Adopting existing tools that work, applying them to the business problems at hand, and quickly iterating in the business domain rather than endlessly swirling in the vortex of technobabble is woefully underrated. I’ve worked at two kinds of companies before:

One that only cares about measurable business outcomes, accruing technical debt and blaming engineers when no one wants to work with their codebase, ultimately hurting the product. Another that has staff engineers spending all day on linter configurations and writing seldom-read RFCs while juniors want to ditch Celery for Kafka because the latter is hip.

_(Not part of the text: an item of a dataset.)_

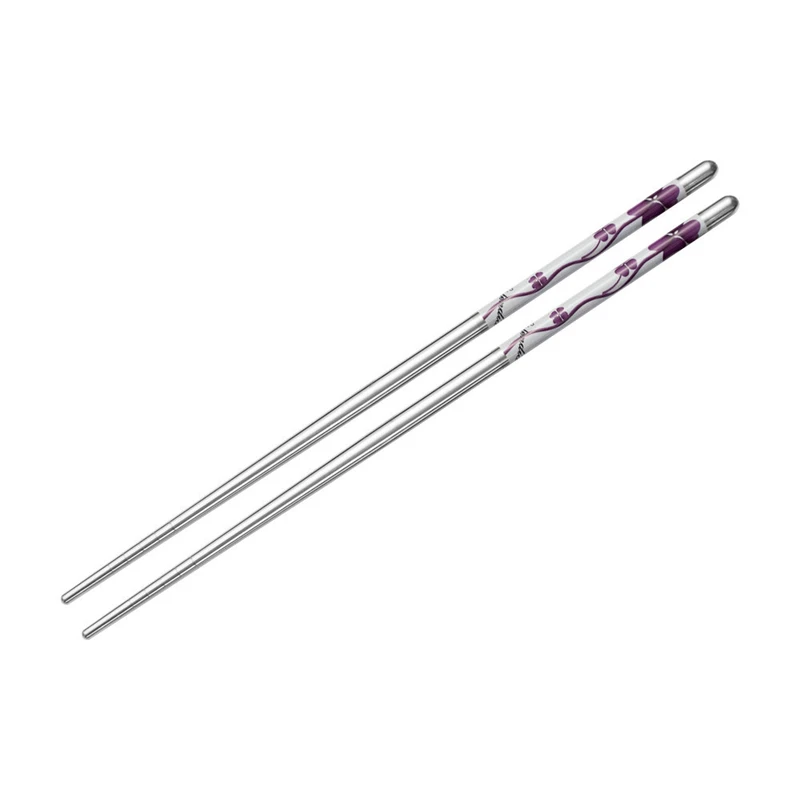 1 пара палочек для еды из нержавеющей стали, китайские японские палочки для еды, стильные белые палочки для еды с цветочным узором, Новые палочки для еды из нержавеющей стали

While both are equally bad, technical people love to lambaste the former while remaining blissfully ignorant about the second type. Maybe because there’s no incentive for doing that and resume-driven development1 genuinely pays better. As long as companies keep making people solve obscure puzzles that has nothing to do with the job or hiring managers keep employing automated systems to look for keywords in resumes, a group of smart people will always engage in techno-maximalism to prepare for the next big opportunity; setting the underlying product up for failure.

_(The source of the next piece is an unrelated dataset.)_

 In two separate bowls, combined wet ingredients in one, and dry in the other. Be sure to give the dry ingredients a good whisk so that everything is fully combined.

The bigger and more established the company is, the more the properties of the second type start manifesting. Add middle managers with zero ideas of what the worker bees are cooking underneath, and you have the perfect recipe for disaster. Raking in absurd sums to tweak linters or buttons may not be the worst thing in the world, if it also didn’t lead these bored people to dream of becoming architecture astronauts by introducing absurdly complex tools to solve imaginary problems.

The situation exacerbates when companies start introducing useless metrics like LOCs, PR counts, or the number of feature tickets to quantify developer productivity. This often leads to the creation of needless tickets and kickstarts the vicious PR cycle where developers endlessly debate the best practices, micro-optimizations, gratuitous niceties, and everything else other than the core business logic. If working on the business logic isn’t rewarded, why should anyone focus on making that better? Obviously it’s more profitable to introduce a dead letter queue to the callpath of an RPC instead of just writing a retry decorator and monitoring if that works or not.

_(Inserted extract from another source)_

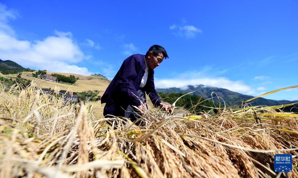 龙吉梯田的水稻收割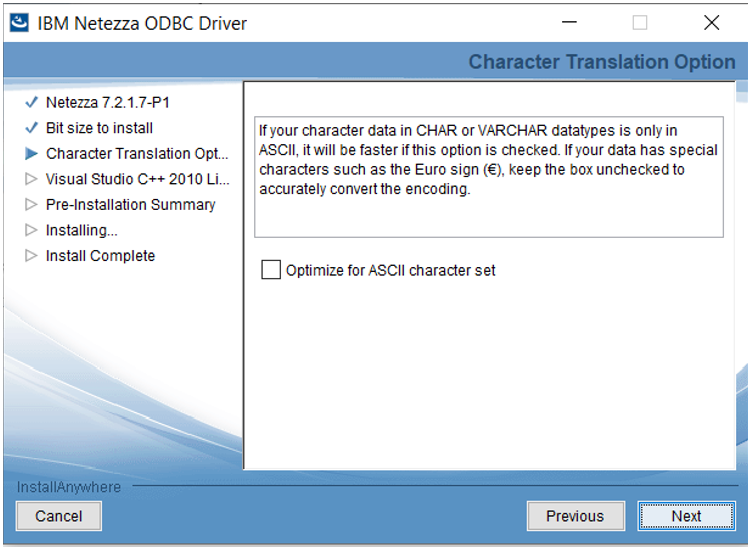 The Optimize for ASCII character set option can be selected on the Character Translation screen if you wish to convert and optimize your character data. Do not select this option if your data contains special characters. Click Next.

Now that microservices are no longer in vogue, and numerous companies have been burnt by adopting the Netflix way of working, despite not having that level of revenue or manpower, there’s no shortage of articles2 on how bad it is to adopt SoA when a PostgreSQL-backed Django monolith would probably do the job. Also, how terrible GraphQL is when a simple denormalized secondary index would suffice, or how the high churn rate of JavaScript frontend frameworks has wasted time, effort, and money. However, few of them mention how organizational structures and policies force people to take that route.

There must be a middle ground where developers can focus on the core business logic that yields the most value without incurring technical debt and making the development process a nightmare. I don’t have an answer for that, nor have I worked at a company that found the perfect balance. Plus, I’m not a technical lead, manager, or business owner. So if you are one of them, I’d love to hear how you or your organization plans to tackle this.